Жена ушла утром и не вернулась, а ночная гостья неожиданно предупредила меня покинуть дом

Соломия перебралась с ними в общежитие на окраине большого города. Комната двенадцать метров, одна кровать, раскладушка, матрас на полу, общий душ, общая кухня, чужие голоса за тонкими стенами. Пенсии и зарплаты едва хватало на еду. Когда совсем стало нечем платить за школьные тетради и обувь, она взяла старую колоду карт и пошла к вокзалам. Гадала, раскладывала, слушала чужие беды. Иногда угадывала так точно, что люди возвращались. Так она вытянула девочек.

Она говорила об этом ровно, но я видел, как меняется её лицо, когда она вспоминает те годы. Не голод был самым страшным, не очередь к общему душу и не чужие кастрюли на общей плите.
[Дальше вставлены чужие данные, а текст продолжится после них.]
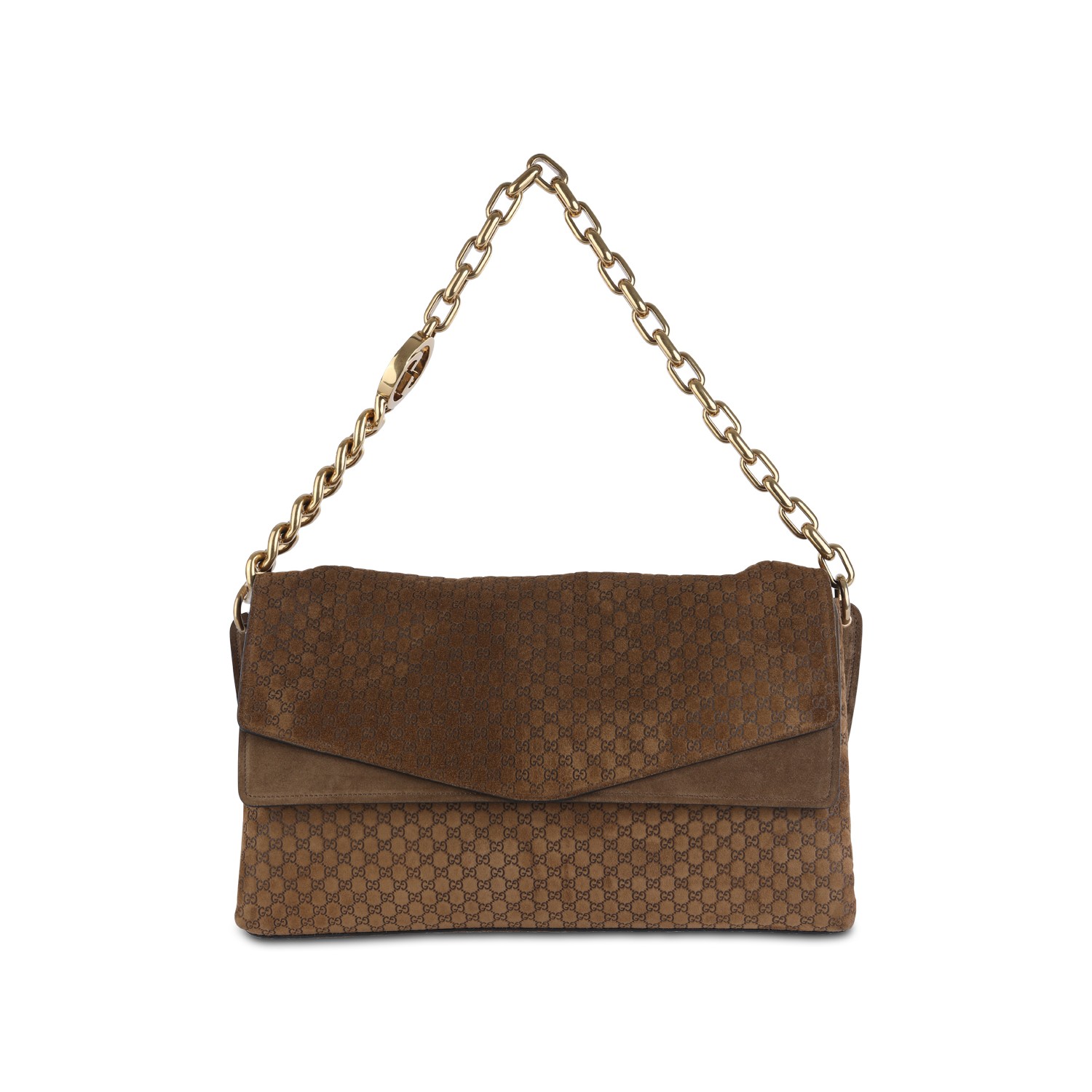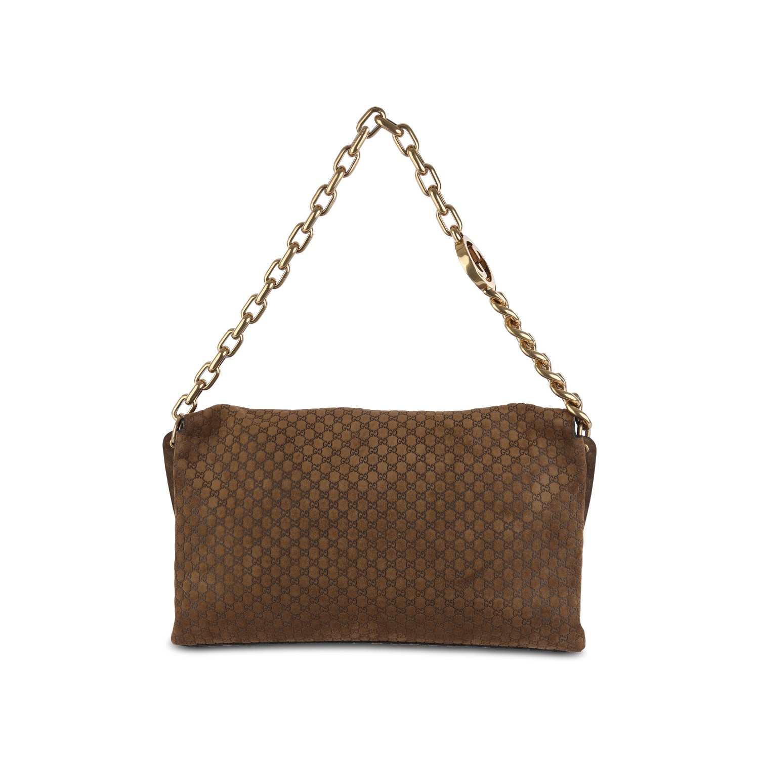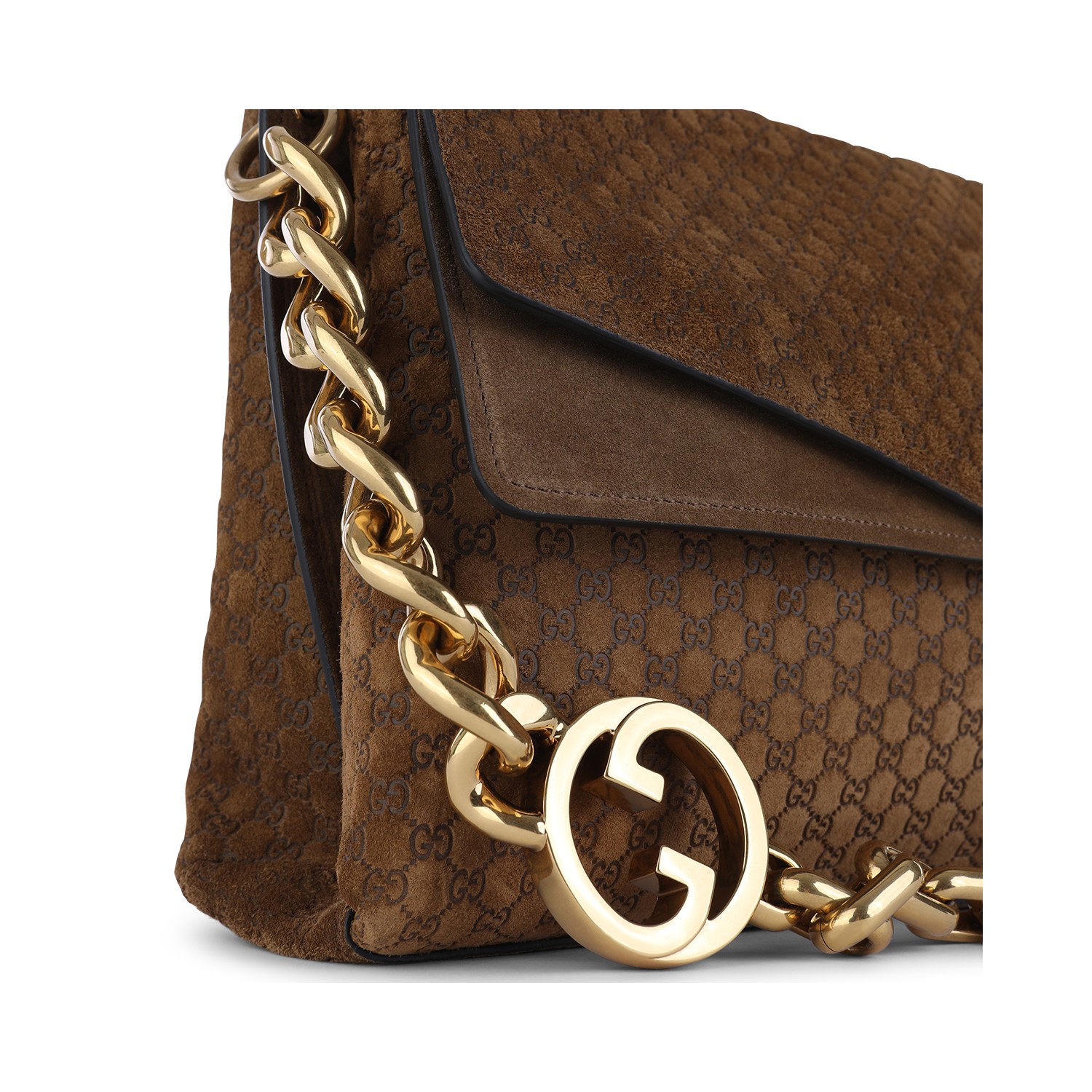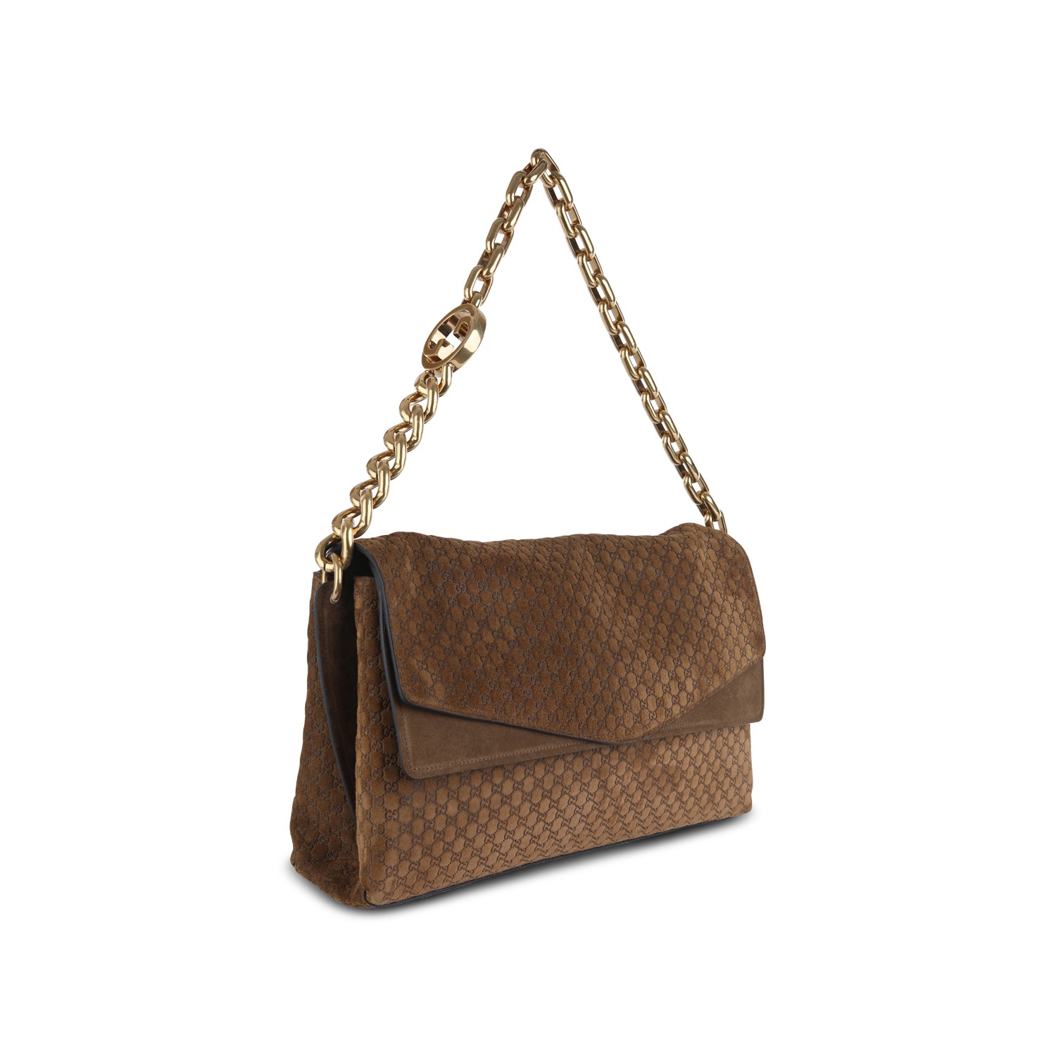 Brown leather shoulder bag from Gucci featuring top handle, main compartment, button fastenign, logo and gold tone hardware.

Страшнее было каждый вечер смотреть, как Марта делает уроки на подоконнике, потому что стола не хватало, а Сонечка засыпает, прижав к себе старую кофту матери вместо игрушки. Соломия тогда научилась экономить на всём: на еде, на лекарствах для себя, на тепле, на новых вещах. Только на девочках старалась не экономить, хотя жизнь всё равно забирала своё.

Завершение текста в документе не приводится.